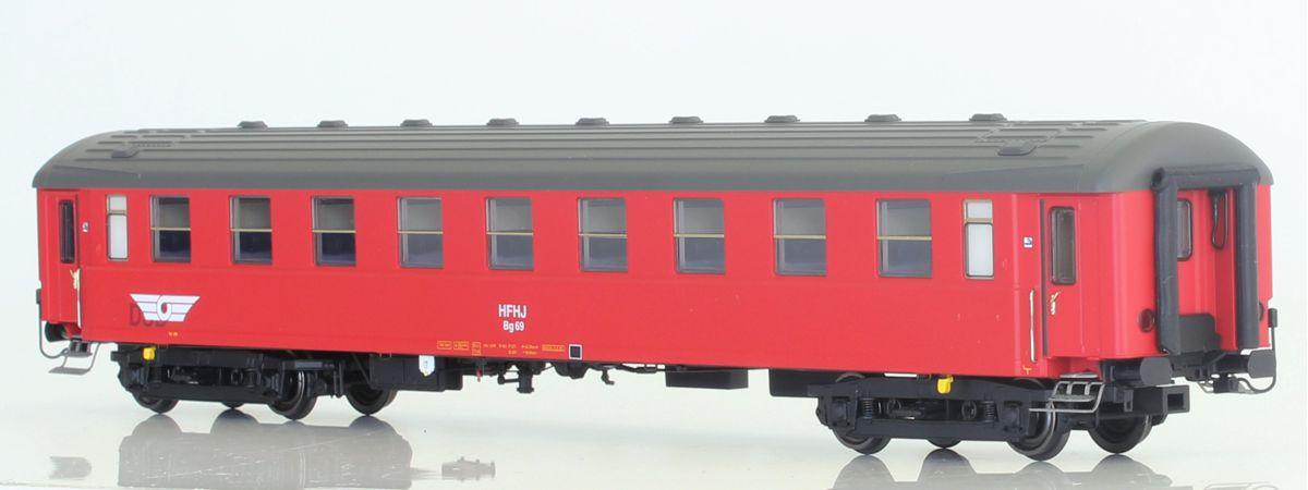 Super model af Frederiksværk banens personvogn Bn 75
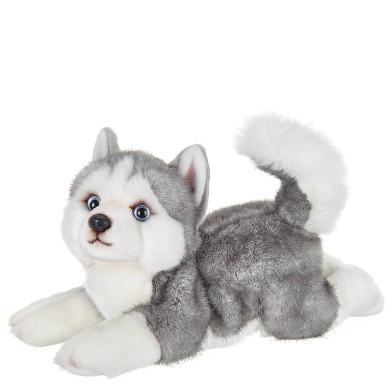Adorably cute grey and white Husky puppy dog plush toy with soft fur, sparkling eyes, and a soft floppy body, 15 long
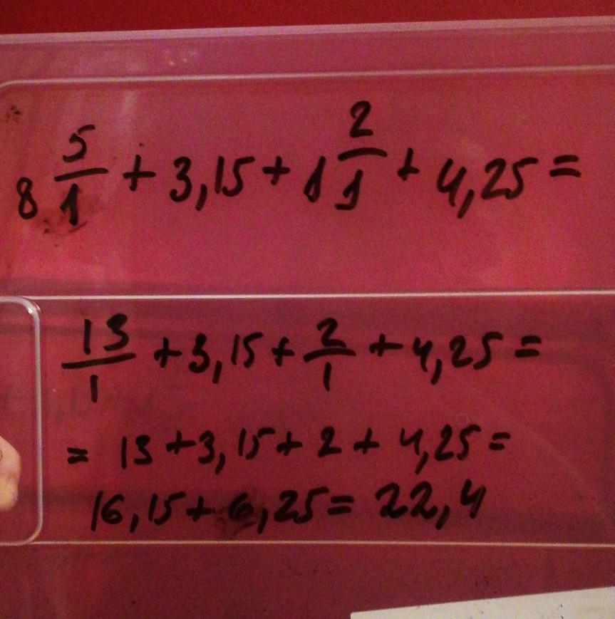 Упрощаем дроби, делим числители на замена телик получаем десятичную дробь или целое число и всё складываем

+++

### REQUIRED ACTION
Reproduce the listing exactly, but keep its images out of the copy.

### THE COMPLETED TASK
 Super model af Frederiksværk banens personvogn Bn 75
Adorably cute grey and white Husky puppy dog plush toy with soft fur, sparkling eyes, and a soft floppy body, 15 long
 Упрощаем дроби, делим числители на замена телик получаем десятичную дробь или целое число и всё складываем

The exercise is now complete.